1. roi pooling的局限性(造成mis-alignment问题)
在常见的两级检测框架(比如Fast-RCNN,Faster-RCNN,RFCN)中,ROI Pooling 的作用是根据预选框的位置坐标在特征图中将相应区域池化为固定尺寸的特征图,以便进行后续的分类和包围框回归操作。由于预选框的位置通常是由模型回归得到的,一般来讲是浮点数,而池化后的特征图要求尺寸固定。故ROI Pooling这一操作存在两次量化的过程。
- 将候选框边界量化为整数点坐标值。
- 将量化后的边界区域平均分割成 k x k 个单元(bin),对每一个单元的边界进行量化。

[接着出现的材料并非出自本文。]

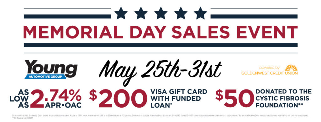 The Memorial Day Sales Event is kicking off this week, and will run through May 31st. Young Automotive Group is partnering with Goldenwest Credit Union to offer financing as low as 2.74%, a $200 Visa gift card with every purchase, and a $50 donation to the Cystic Fibrosis Foundation with every purchase. Get ready for […]
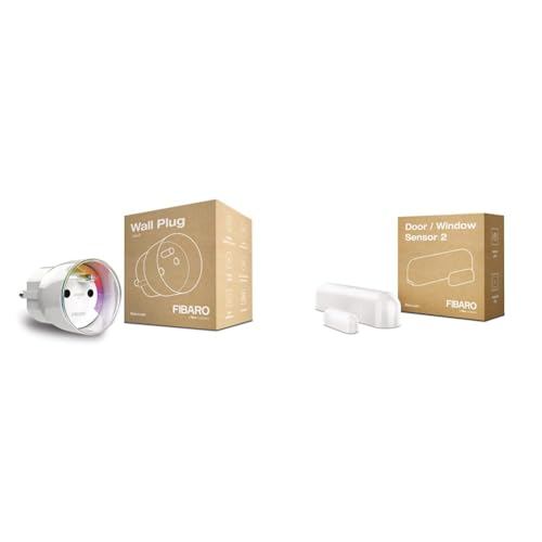 FIBARO Wall Plug/Prise Intelligente Type E, Z-Wave +, Incolore & Door/Window Sensor/Détecteur de Porte/Fenêtre Z-Wave +

事实上,经过上述两次量化,此时的候选框已经和最开始回归出来的位置有一定的偏差,这个偏差会影响检测或者分割的准确度。在论文里,作者把它总结为“不匹配问题(misalignment)。
ROIPool.png
针对上图
Conv layers使用的是VGG16,feat_stride=32(即表示,经过网络层后图片缩小为原图的1/32),原图800*800,最后一层特征图feature map大小:25*25
假定原图中有一region proposal,大小为665*665,这样,映射到特征图中的大小:665/32=20.78,即20.78*20.78,如果你看过Caffe的Roi Pooling的C++源码,在计算的时候会进行取整操作,于是,进行所谓的第一次量化,即映射的特征图大小为20*20
假定pooled_w=7,pooled_h=7,即pooling后固定成7*7大小的特征图,所以,将上面在 feature map上映射的20*20的 region proposal划分成49个同等大小的小区域,每个小区域的大小20/7=2.86,即2.86*2.86,此时,进行第二次量化,故小区域大小变成2*2
每个2*2的小区域里,取出其中最大的像素值,作为这一个区域的‘代表’,这样,49个小区域就输出49个像素值,组成7*7大小的feature map
总结,所以,通过上面可以看出,经过两次量化,即将浮点数取整,原本在特征图上映射的20*20大小的region proposal,偏差成大小为7*7的,这样的像素偏差势必会对后层的回归定位产生影响。
所以,产生了替代方案,RoiAlign
- roi align的原理
ROIAlign.png
同样,针对上图,有着类似的映射
- Conv layers使用的是VGG16,feat_stride=32(即表示,经过网络层后图片缩小为原图的1/32),原图800*800,最后一层特征图feature map大小:25*25
- 假定原图中有一region proposal,大小为665*665,这样,映射到特征图中的大小:665/32=20.78,即20.78*20.78,此时,没有像RoiPooling那样就行取整操作,保留浮点数
- 假定pooled_w=7,pooled_h=7,即pooling后固定成7*7大小的特征图,所以,将在 feature map上映射的20.78*20.78的region proposal 划分成49个同等大小的小区域,每个小区域的大小20.78/7=2.97,即2.97*2.97
- 假定采样点数为4,即表示,对于每个2.97*2.97的小区域,平分四份,每一份取其中心点位置,而中心点位置的像素,采用双线性插值法进行计算,这样,就会得到四个点的像素值,如下图
图片来自参考博客
上图中,四个红色叉叉‘×’的像素值是通过双线性插值算法计算得到的。最后,取四个像素值中最大值作为这个小区域(即:2.97*2.97大小的区域)的像素值,如此类推,同样是49个小区域得到49个像素值,组成7*7大小的feature map
roi-align代码解读
该部分目录结构与roi_pooling一致,参见:Faster RCNN源码解读(2)-roi_pooling
- 这里还是先看cpu版本的c语言roi_align.c
#include <TH/TH.h> // pytorch的 c拓展
#include <math.h>
#include <omp.h> // 多线程openMP
// 定义实现forward和backword的两个函数,C语言先定义
void ROIAlignForwardCpu(const float* bottom_data, const float spatial_scale, const int num_rois,
const int height, const int width, const int channels,
const int aligned_height, const int aligned_width, const float * bottom_rois,
float* top_data);
void ROIAlignBackwardCpu(const float* top_diff, const float spatial_scale, const int num_rois,
const int height, const int width, const int channels,
const int aligned_height, const int aligned_width, const float * bottom_rois,
float* top_data);
int roi_align_forward(int aligned_height, int aligned_width, float spatial_scale,
THFloatTensor * features, THFloatTensor * rois, THFloatTensor * output)
{
//Grab the input tensor
// 推测出features数据的格式,实际为一维数组(里面的[]是为了区分):
// [...,[c1,c2,c3,...,c_num_channels],[c1,c2,c3,...,c_num_channels],...]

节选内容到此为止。